• TASK OBJECTIVE:
Find the line containing "Saint Laurent ruffled". Retype it and every later line of the records exactly, leaving out pictures.

-- Opening Marker --

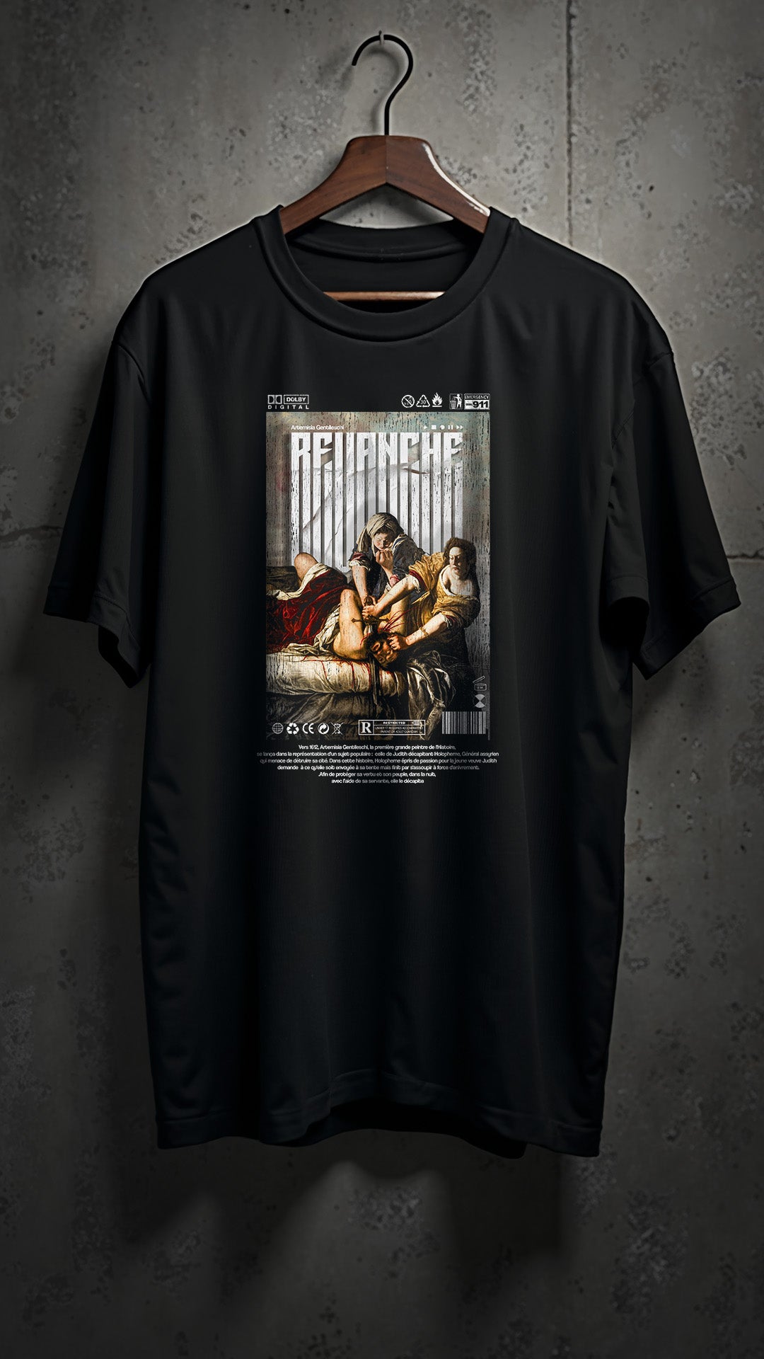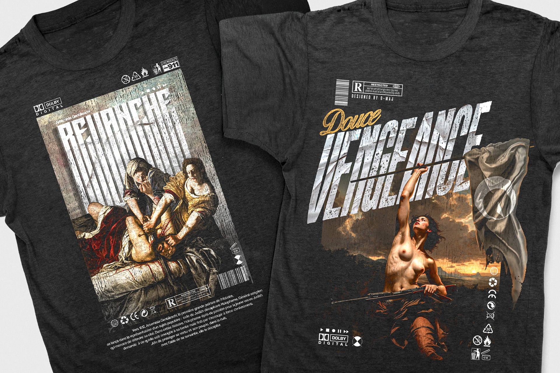 Dans l'esprit de la collection REVANCHE : un style Vintage avec des manières de tableaux "Delacroix" a la sauce moderne. Couplé avec des sigles et typographies façon covers américaines.
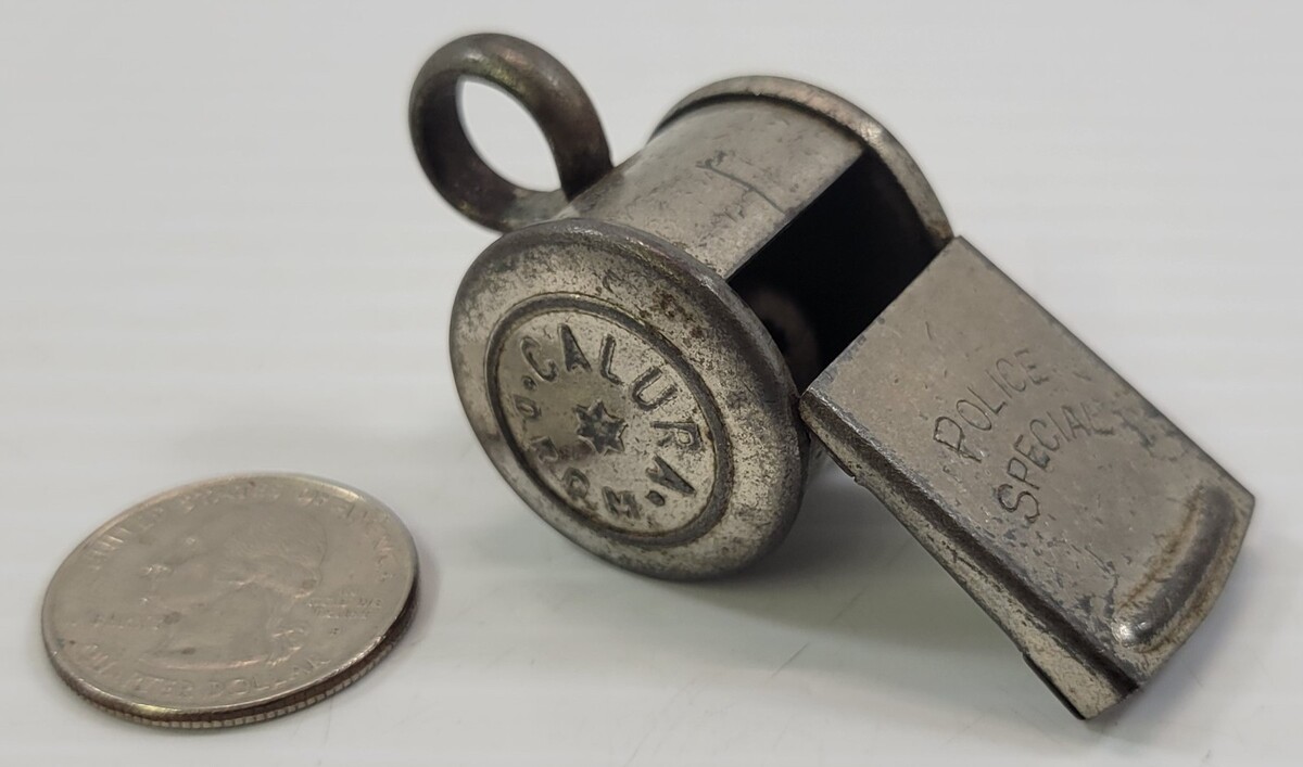 *B1) Rare Antique German Police Special Metal Whistle Calura DRGM Germany
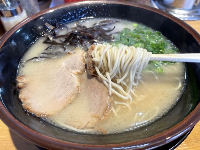 自家製麺(自社製麺)の麺はストレート細麺。一般的な博多ラーメンの麺よりやや加水高めでしっとりとしたなめらかな質感。バリカタでも他店の固め相当でしょうか。伸びにくく啜りやすい良麺です。
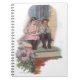 Este menino está levando uma lição enquanto senta nos degraus com sua irmã inteligente. Ilustração de livro de prato colorido e lindo de 1909.
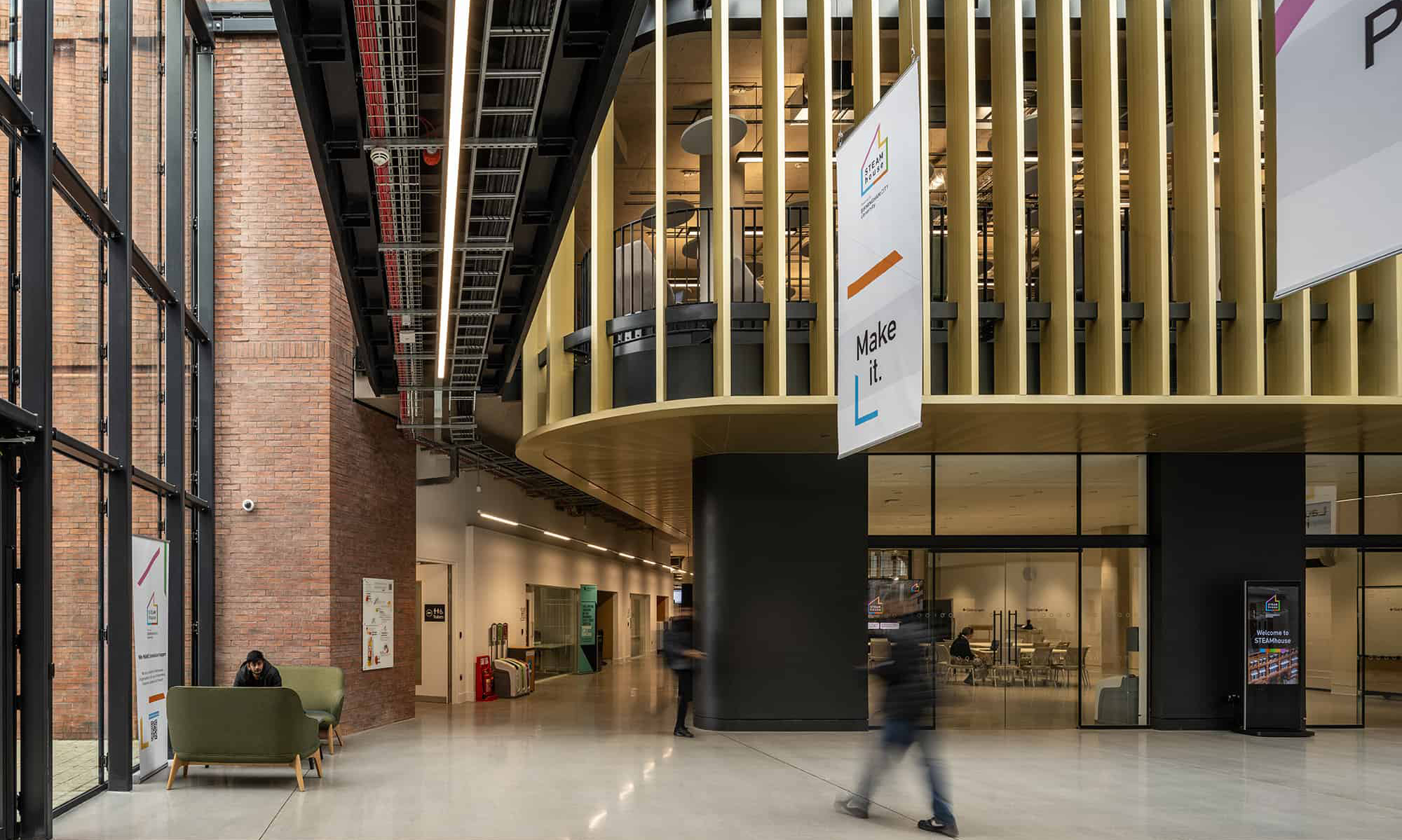 A stunning new building, we’re pleased to have been awarded this project and are proud to be breathing new life back into the Belmont Works factory working with Aukett Swank – creating a future to house a collaborative community and support local business growth activities. The new STEAMhouse boasts five storeys of facilities, originally built in 1899 as the headquarters of the Eccles Rubber and Cycle Company! We created an environment that would nurture idea creation through collaboration and co-working.
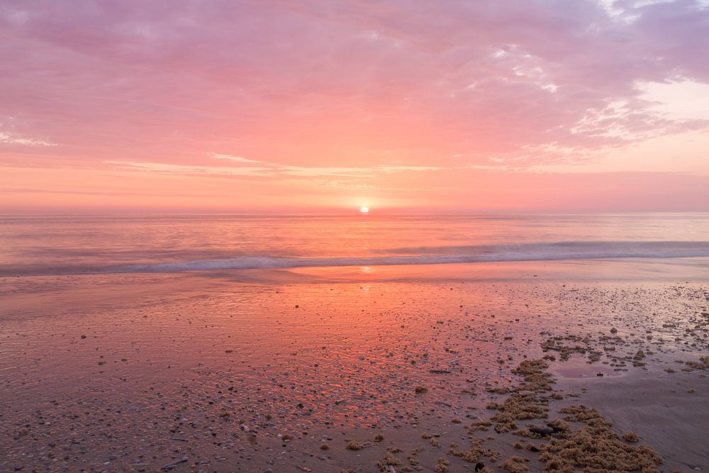 Quel beau coucher de soleil à Noordwijk Aan Zee. Les nuages offraient de belles couleurs et le soleil était juste au-dessus de l'horizon. Il s'agit d'une prise de vue de 1,3 seconde qui rend la mer un peu plus calme et donne une image apaisante. J'aime aussi les motifs des algues au premier plan qui s'harmonisent avec le ciel.
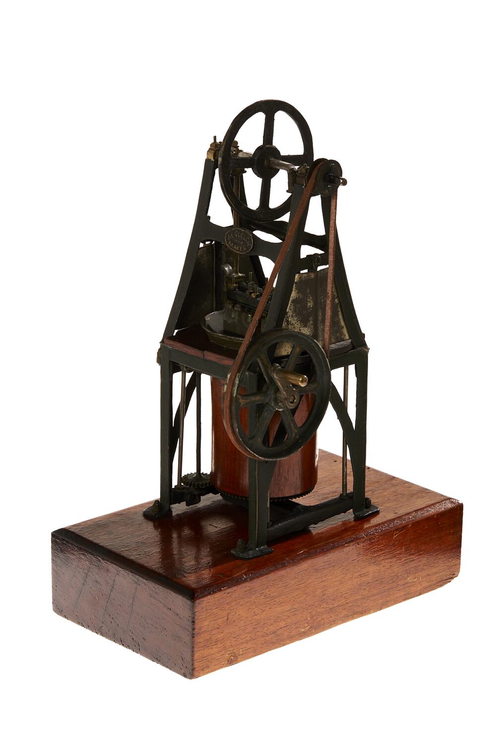 Model is mounted on a dark brown polished wooden block. Large handwheel on one side rotates a drum beneath the working table on which there is a metal pan. A pulley mounted overhead operates the up and down motion of the chopping blades in the pan via a belt (missing) that would have been attached to the large flywheel connected to the handwheel. Maker's plate on the front of the model frame. Yellow card tag with handwritten text is attached with twine.
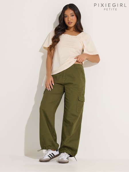 PixieGirl Petite Green Cuffed Cargo Trousers
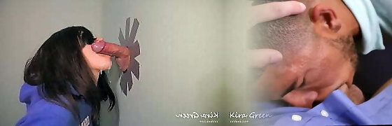 gloryhole, pompino sciatto, gola profonda, bocca di sperma, succhiare dopo cumming-amateur kira green
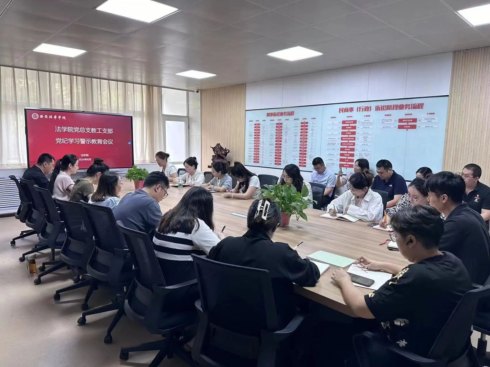 为进一步深入学习贯彻习近平总书记关于全面加强党的纪律建设的重要论述和关于党纪学习教育的重要讲话重要指示精神,扎实开展党纪学习教育,纵深推进全面从严治党,以实际成效坚定捍卫“两个确立”、坚决做到“两个维护”,法学院党总支于6月19日在1116召开了教工支部党纪学习警示教育会。学院党总支书记、党总支委员、支部书记、全体教工党员参加,会议由党务干事李紫若主持。
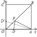 分析:作出D关于OB的对称点D′,则D′的坐标是(0,2).则PD+PA的最小值就是AD′的长,利用勾股定理即可求解.
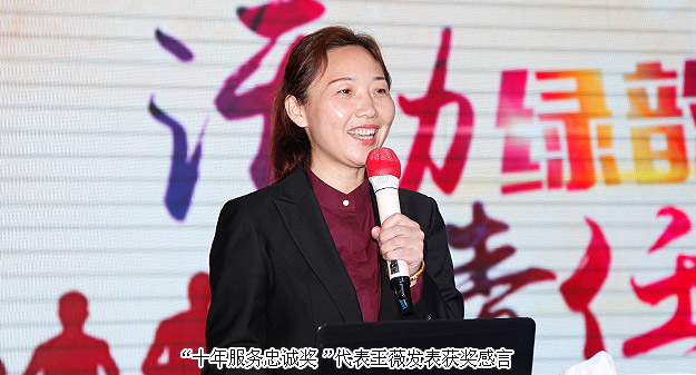 表彰是鼓勵(lì),是鞭策,更是一路前行的里程碑。“五年服務(wù)英才獎(jiǎng)”代表周金霖、唐鳴巾幗不讓須眉,將她們從業(yè)以來的優(yōu)秀經(jīng)驗(yàn)毫無保留的分享給全體員工,并且告訴大家要始終以一顆感恩的心、積極奮進(jìn)的心態(tài)投入到工作中,并且秉持信念不斷付出行動(dòng),必將得到不僅是物質(zhì)上、更是精神上的大回報(bào);“十年服務(wù)忠誠獎(jiǎng)”代表王薇就專業(yè)度,服務(wù)意識(shí)、行動(dòng)的力量為大家進(jìn)行了專業(yè)深度的分享。全體員工聆聽優(yōu)秀員工的精彩分享,讓個(gè)人智慧凝結(jié)成綠之韻全體的共同力量。
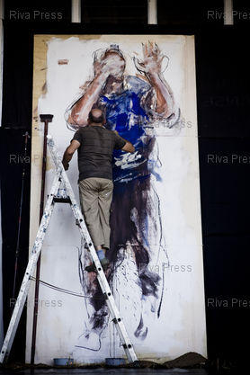 Légende : 29/09/2011 - Antananarivo, MADAGASCAR - Performance artistique du peintre Paul Bloas, du danseur Bernardo Montet et du guitariste Joel Rabesolo. PHOTO : RIJASOLO / RIVA PRESS
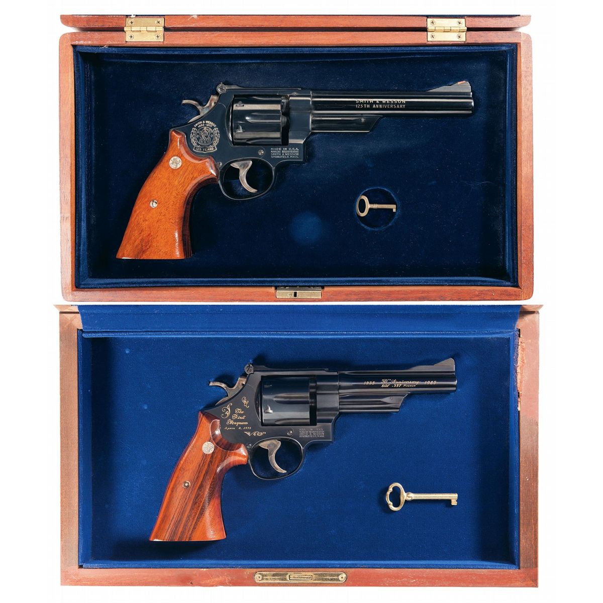 A) Standard markings and features. With hardwood case with plaque on the lid and book titled "125 YEARS WITH SMITH & WESSON".
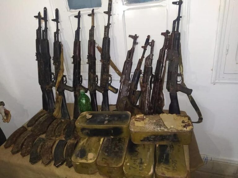 Il s’agit notamment de 11 fusils d’assauts Kalachnikov, 14 chargeurs et 4400 cartouches de calibre 7.62 mm ont été saisis lors de l’opération.
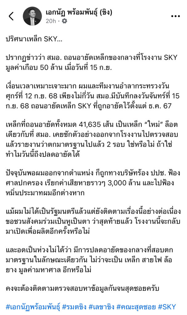 เงื่อนเวลาเหมาะเจาะมาก ผมและทีมงานอำลากระทรวงวันศุกร์ที่ 12 ก.ย. 68 เพียงไม่กี่วัน สมอ.มีบันทึกลงวันจันทร์ที่ 15 ก.ย. 68 ถอนอายัดเหล็ก SKY ที่ถูกอายัดไว้ตั้งแต่ ธ.ค. 67
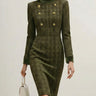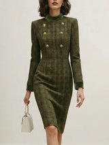 High Waisted Long Sleeves Buttoned Solid Color Split-Joint Zipper Mock Neck Midi Dresses
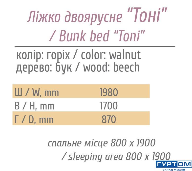 Ліжко Тоні двоярусне з ламелями TМ «Меблі-Сервіс» БУК
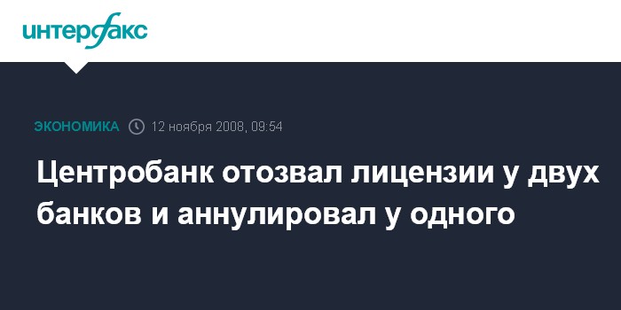 Москва. 12 ноября. INTERFAX.RU - Банк России с 12 ноября отозвал лицензии на осуществление банковских операций у Эконацбанка (Москва) и Мира-банка (Москва), говорится в сообщении департамента внешних и общественных связей ЦБ РФ.
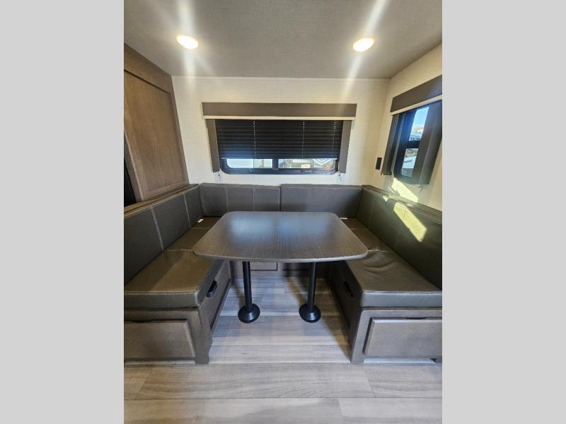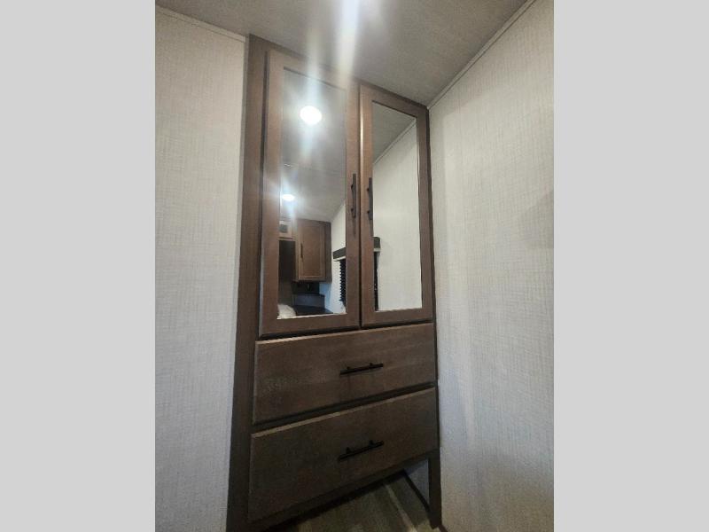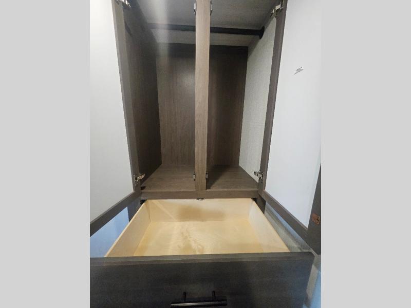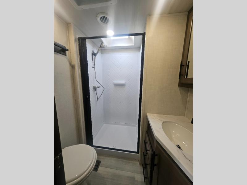 The Cougar Sport structural I-beam frame with stamped steel cross-members and outriggers, plus its AlphaPly roof membrane are what active RVers love about the construction of the Cougar line. The Cougar Sport models are no exception when it comes to a great package, as well as being smaller and lighter weight than their big brother Cougar models. A one-piece, heated and enclosed polypropylene underbelly will add protection against the elements, and the electric stabilizer jacks will provide more stability. On the inside, residential shaker style hardwood cabinet doors and decorative crown molding, plus seamless pressed countertops and an on-demand water heater will make your unit feel even more like home. You are also sure to appreciate the shiplap style decorative accent wall behind the bed, a porcelain foot flush toilet in the bathroom, plus residential kitchen hardware, and so much more.
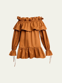 Saint Laurent ruffled dress Off-the-shoulder neckline Long sleeves; drawstring cuffs Mini length Shift silhouette Cotton Made in France Proposition 65 warning for California residents Online Inquiries: BGS21_B9PBB| Store Inquiries: #4934508
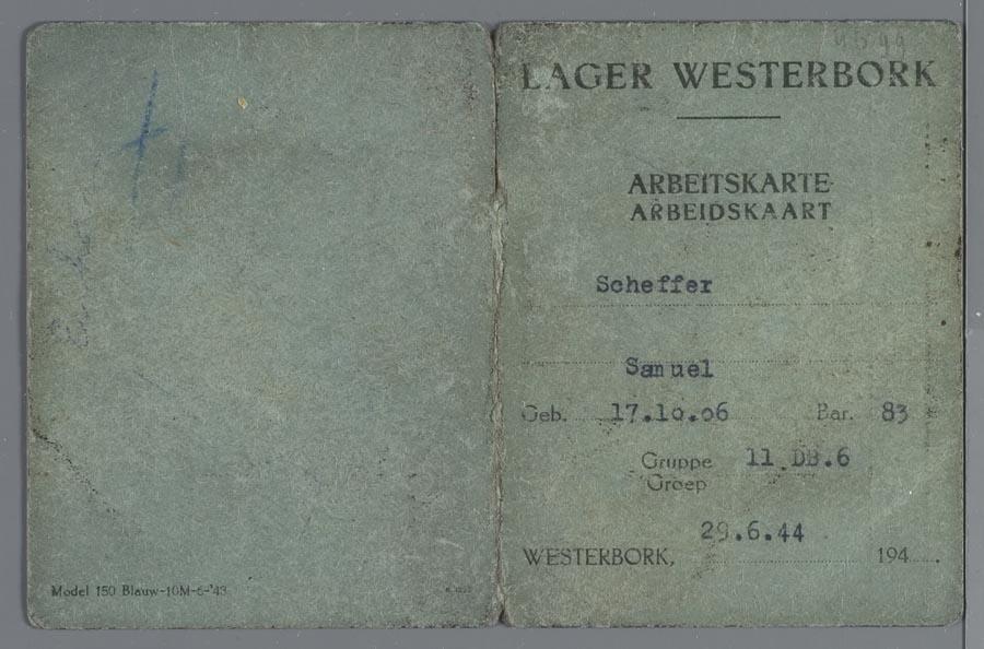 Arbeidskaart van Lager Westerbork op naam van Samuel Scheffer, juni 1944 - Oorlogsbronnen.nl

-- Closing Marker --

• OUTPUT OF THE TASK:
 Saint Laurent ruffled dress Off-the-shoulder neckline Long sleeves; drawstring cuffs Mini length Shift silhouette Cotton Made in France Proposition 65 warning for California residents Online Inquiries: BGS21_B9PBB| Store Inquiries: #4934508
 Arbeidskaart van Lager Westerbork op naam van Samuel Scheffer, juni 1944 - Oorlogsbronnen.nl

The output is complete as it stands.